Into the jumble steps in the minister, unabashed and brazen. The public keep watching with anxiety. The point of this article is based on the questions the public ask in whispers. The action of the minister, loudly announced, has the re-echoing sound of a Fast Action craft (FAC) in his search of progress. This may not ring well with the AG whose degree in law and jurisprudence will not be able to deal with a FAC approach. There may not be the even keel. It is not clear then how the minister will figure out the progress he is looking for, and with what competence! In the end, the meeting will end up in nothing that Minister Weerasekera can report back to Parliament.

The relevance of all this is to law and order. This is basically a matter for the Police, the Law, the AG and the Criminal Justice System (CJS). The public are now quiet, accustomed to interference with the CJS at all levels, from top to bottom. The concern of this column is with law and order as serves the public. Law and Order is now beyond sixes and sevens that serves some, not the public. This article is just to cite this most recent instance of outside intervention, for the benefit of public knowledge and for the information of the Police who work in these circumstances. Mr. Weerasekera is now the Minister over the Police. It is unfortunate if he is unable to set the correct tone for the Police. The whole system is now replete with these examples.

The point here is that such interference or intervention, in whatever form it comes, is none but bribery and corruption. None of this involvement is for the Public good, for Justice and Morality, for the common good of law and order. None of these values is remunerative or bring in a return. About this, it is only a statement in the media that I make, that prior to 1977 there was not a single political leader who was corrupt. Since then it is just the reverse. It is difficult to see even the public statements of the minister in any other light.

Minister Weerasekera might have avoided all this, had he done the meeting with the AG discreetly and with circumspection. But discretion and caution taking much into account are not in the menu of the minister. For such is not the way of a military mind thrown into such situations. Their attitudes are, for example, as at Rathupaswala, at prisons and other places where the capacity and finesse required are of a different order.
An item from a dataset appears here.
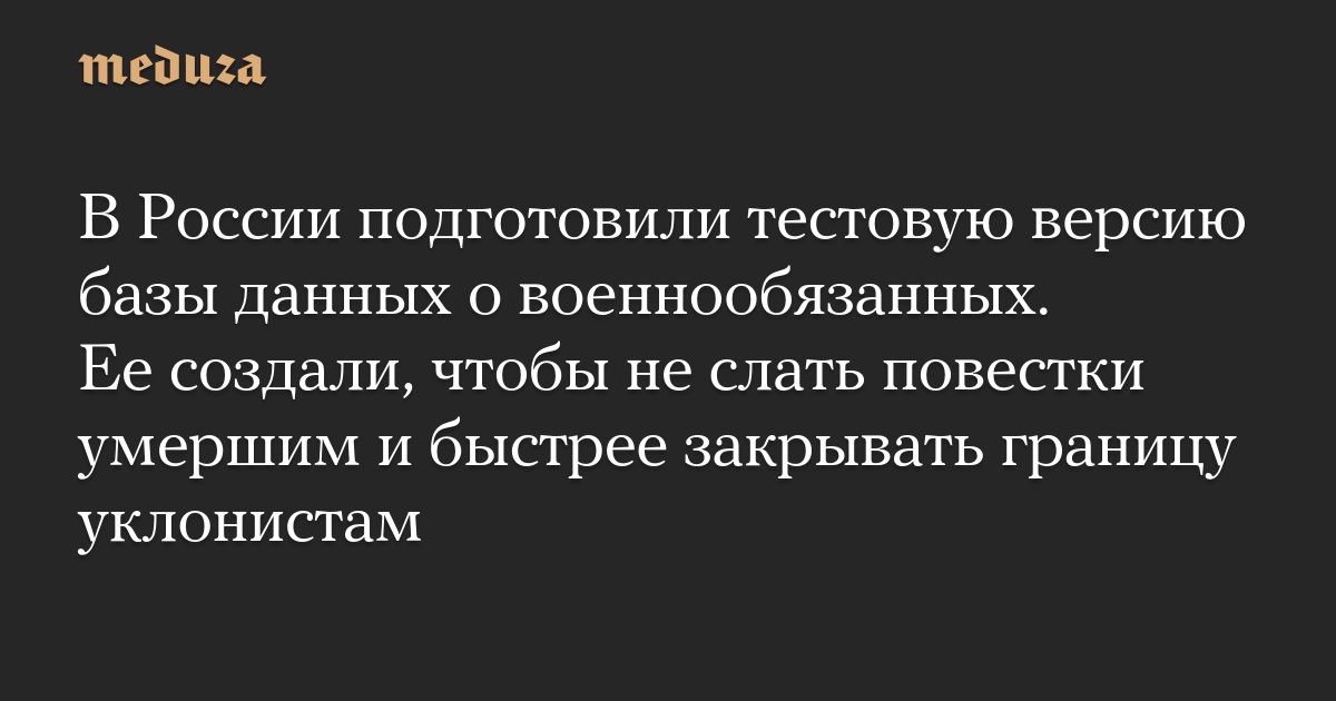 В России подготовили тестовую версию базы данных о военнообязанных. Ее создали, чтобы не слать повестки умершим и быстрее закрывать границу уклонистам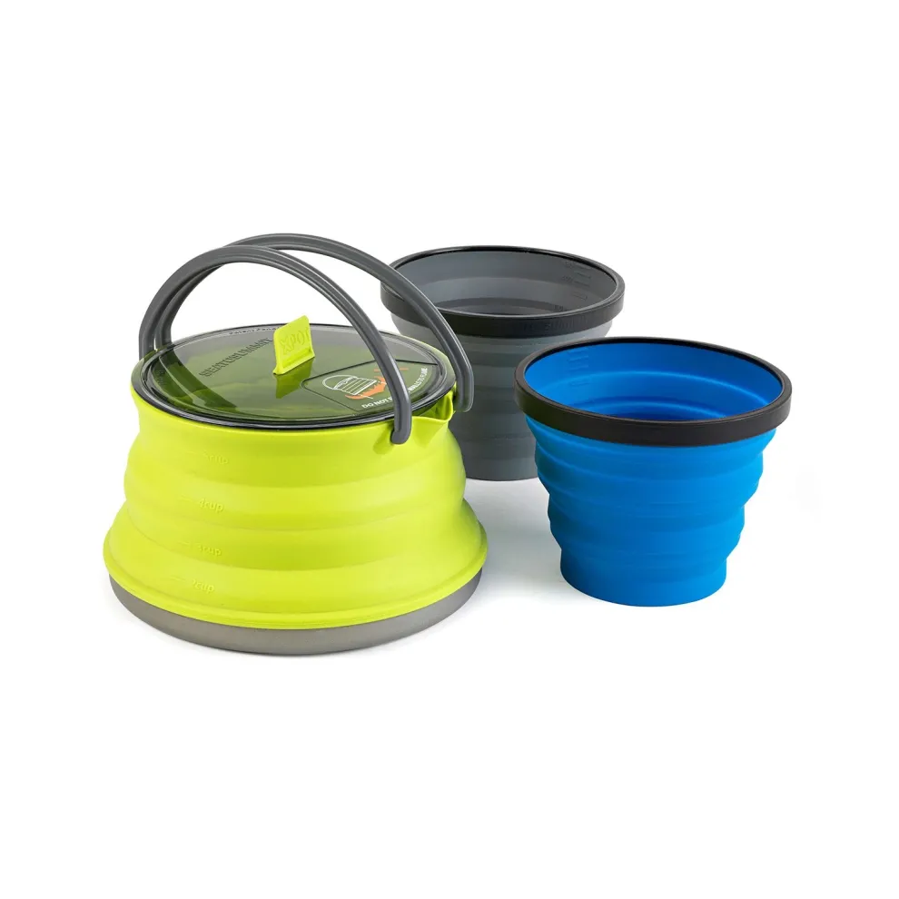 Collapsible cookware in the X-Set™ 11 is a game-changer in how we pack for outdoor adventures. Using the same award-winning innovative, space-saving, collapsible and functional features as in the X-Pot™, the X-Kettle™ is made from a hard-anodized aluminum base with collapsible silicone sidewalls, and glass-reinforced Nylon 66 handles. This set will free up space in your pack for other essentials and includes the X-Kettle™ and two X-Mugs. It makes it the perfect two-person set for your morning hydration routine. Additionally, the X-Brew™ Coffee Dripper will nest inside this set.

The problem is not that the minister is himself not aware of these. The tone he sets, affecting others such as the Police, is pathetic. This is unfortunate. And the added fact is that it is this type of attitude that comfortably suits his superiors.

Superiors have little other use of this subordinate stupidity so long as they serve their superiors’ purpose.  The minister is not alone here if other experts too are also used in much this same way.   The problem is, then, not in the stars, but in ourselves, as we are only ‘underlings’.